Question

There are three coins. One is two headed coin, another is a biased coin that comes up heads 75% of the time and third is an unbiased coin. One of the three coins is chosen at random and tossed, it shows heads, what is the probability that it was the two headed coin?

Answer 1

Let E₁, E₂ and E₃ denote the events of choosing a two-headed coin, a biased coin and an unbiased coin, respectively.

Let A be the event that the coin shows heads.

\[\therefore P\left( E_1 \right) = \frac{1}{3}\]
\[ P\left( E_2 \right) = \frac{1}{3}\]
\[ P\left( E_3 \right) = \frac{1}{3}\]
\[\text{ Now } , \]
\[P\left( A/ E_1 \right) = 1\]
\[P\left( A/ E_2 \right) = 75 \% = \frac{3}{4}\]
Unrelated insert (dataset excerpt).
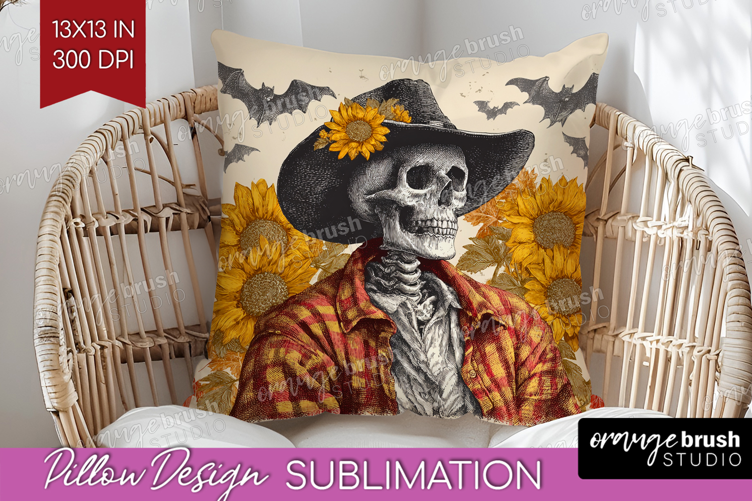 Skull Cowbow Halloween Pillow Sublimation Spooky Season

\[P\left( A/ E_2 \right) = \frac{1}{2}\]
\[\text{ Using Bayes' theorem, we get } \]
\[\text{ Required probability } = P\left( E_1 /A \right) = \frac{P\left( E_1 \right)P\left( A/ E_1 \right)}{P\left( E_1 \right)P\left( A/ E_1 \right) + P\left( E_2 \right)P\left( A/ E_2 \right) + + P\left( E_2 \right)P\left( A/ E_2 \right)}\]
\[ = \frac{\frac{1}{3} \times 1}{\frac{1}{3} \times 1 + \frac{1}{3} \times \frac{3}{4} + \frac{1}{3} \times \frac{1}{2}}\]
\[ = \frac{4}{9}\]